Assigned task: From the line containing "Funda de Cuero" down to the line containing "2.这个按键是自动战斗的按键,点击解锁。", copy out the entries below exactly, both lines included, and nothing else; pictures do not belong in the copy.
(Beginning of Extracted records)
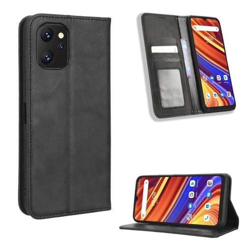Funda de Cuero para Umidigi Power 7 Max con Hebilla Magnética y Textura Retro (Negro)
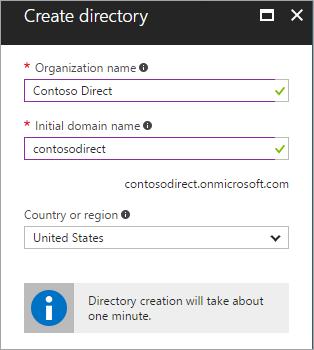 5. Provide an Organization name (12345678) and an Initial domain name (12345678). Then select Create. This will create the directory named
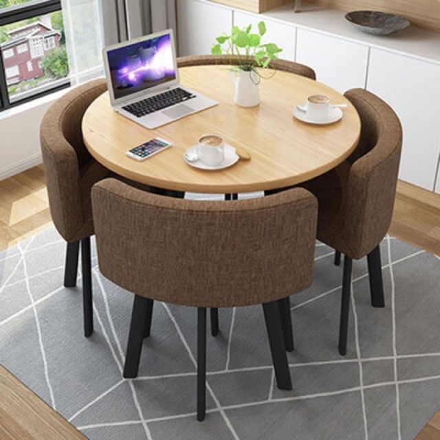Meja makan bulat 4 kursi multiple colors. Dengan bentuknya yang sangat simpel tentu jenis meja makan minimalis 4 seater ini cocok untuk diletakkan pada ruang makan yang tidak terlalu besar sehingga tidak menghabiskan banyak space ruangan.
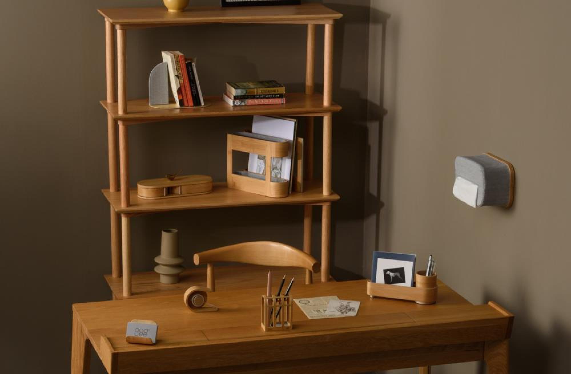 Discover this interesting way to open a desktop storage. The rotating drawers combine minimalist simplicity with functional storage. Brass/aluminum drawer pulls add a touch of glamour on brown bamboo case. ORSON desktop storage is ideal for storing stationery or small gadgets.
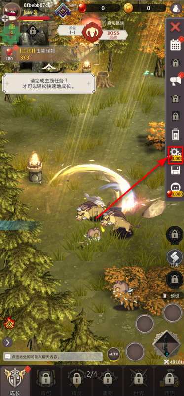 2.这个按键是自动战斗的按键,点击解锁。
(End of Extracted records)
(Beginning of Extracted records)
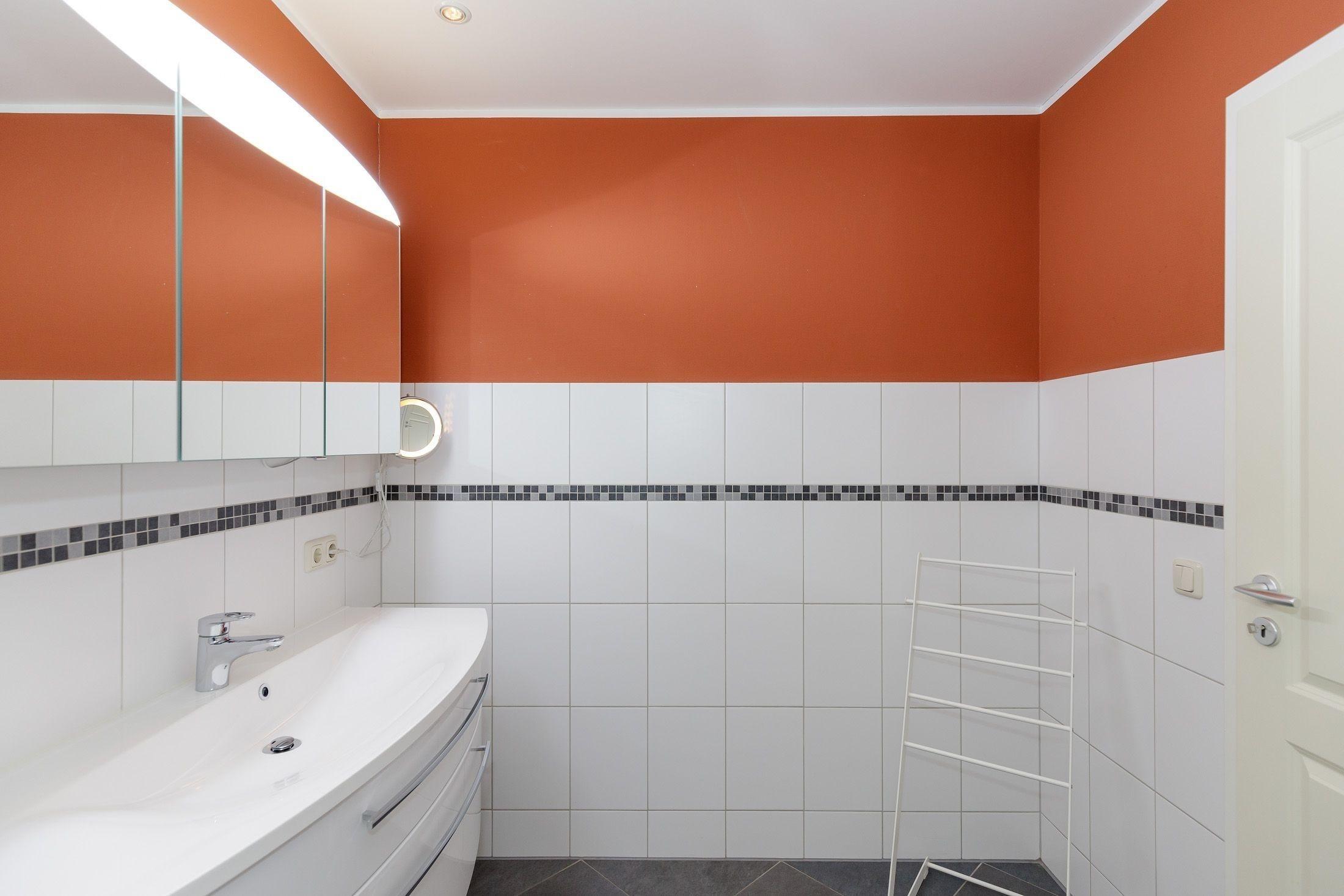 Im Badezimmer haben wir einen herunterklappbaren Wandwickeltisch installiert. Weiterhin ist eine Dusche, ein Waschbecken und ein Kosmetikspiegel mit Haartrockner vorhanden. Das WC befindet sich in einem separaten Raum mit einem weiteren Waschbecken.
(End of Extracted records)
(Beginning of Extracted records)
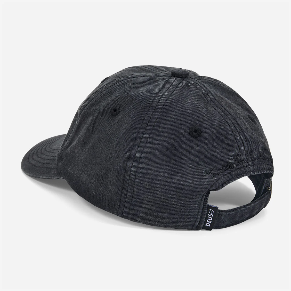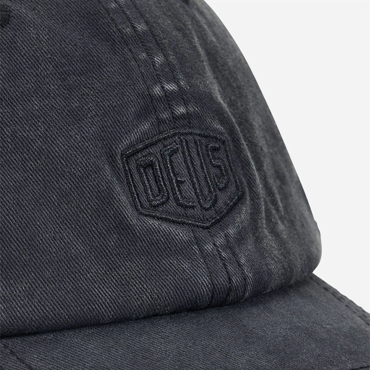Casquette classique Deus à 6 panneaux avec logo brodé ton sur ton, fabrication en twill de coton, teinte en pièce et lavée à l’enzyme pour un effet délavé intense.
(End of Extracted records)
Answer section:
Funda de Cuero para Umidigi Power 7 Max con Hebilla Magnética y Textura Retro (Negro)
 5. Provide an Organization name (12345678) and an Initial domain name (12345678). Then select Create. This will create the directory named
Meja makan bulat 4 kursi multiple colors. Dengan bentuknya yang sangat simpel tentu jenis meja makan minimalis 4 seater ini cocok untuk diletakkan pada ruang makan yang tidak terlalu besar sehingga tidak menghabiskan banyak space ruangan.
 Discover this interesting way to open a desktop storage. The rotating drawers combine minimalist simplicity with functional storage. Brass/aluminum drawer pulls add a touch of glamour on brown bamboo case. ORSON desktop storage is ideal for storing stationery or small gadgets.
 2.这个按键是自动战斗的按键,点击解锁。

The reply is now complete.